Goodere said he would not trouble the Court with any more evidence as to his character; he was deprived of some evidence by reason of his sickness in gaol, which prevented his friends from coming to advise him about his defence; also there were witnesses on board the ship who might have been of great service to him, but the ship had sailed before he got an order from the Admiralty ordering them to stay on shore.
Frederick drew the Recorder's attention to the fact that there had been several aspersions in the newspapers to the prejudice of Goodere, and that a pamphlet had been published in Bristol called The Bristol Fratricide; but he hoped that the jury would not be influenced by such matters against the prisoner.
The jury declared that they had never seen any such pamphlet or newspapers.
Vernon—Mr. Recorder, we must beg leave to ask Mr. Jarrit Smith's opinion, as to Sir John's being a lunatic or not?
Smith—I am surprised to hear it said by some of Mr. Goodere's witnesses that sir John Dineley Goodere was mad. I knew him fourteen or fifteen years, and conversed with him both in person and by letter; but never discovered that he was in the least disordered in his senses, I always took him to be a man of sound understanding. On the Sunday before his death, he expressed himself with a great deal of good nature and affection at the sight of his brother.

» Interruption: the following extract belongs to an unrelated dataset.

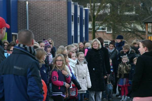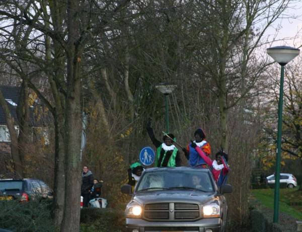 Spanning op de gezichten van de leerlingen. Zou hij komen ? En ja hoor ..... daar komt in de verte iets aan. Een hele grote auto met allemaal Pieten en wie zit er achter de voorruit. Gelukkig .... Sinterklaas.

Shepard proposed to call evidence to show that the place where the ship lay was not in the city and county of Bristol.
The Recorder said that the evidence that had been given as to the service of writs, proved that the King's Road was within the jurisdiction, and it was admitted that the ship lay within the Road. If, however, the prisoner could show that any part of the Road was, or ever had been esteemed to be, within any other county than the county of the city of Bristol, he would hear him. He then asked Mahony if he had anything to say.
Mahony—I hope your Lordship will consider that I was a poor, pressed servant, and that I was drunk when I made the confession, and I was frightened out of my wits.
Mr. Recorder—You say you were drunk when you made the confession; it is possible, that night when you were taken and brought before the magistrates you were in liquor, but it seems your confession was not taken until the next day.
Vernon then replied on the whole case; confining himself to pointing out that if Goodere was abetting Mahony in killing Sir John, it made no difference that he was not in the cabin at the time that he was killed.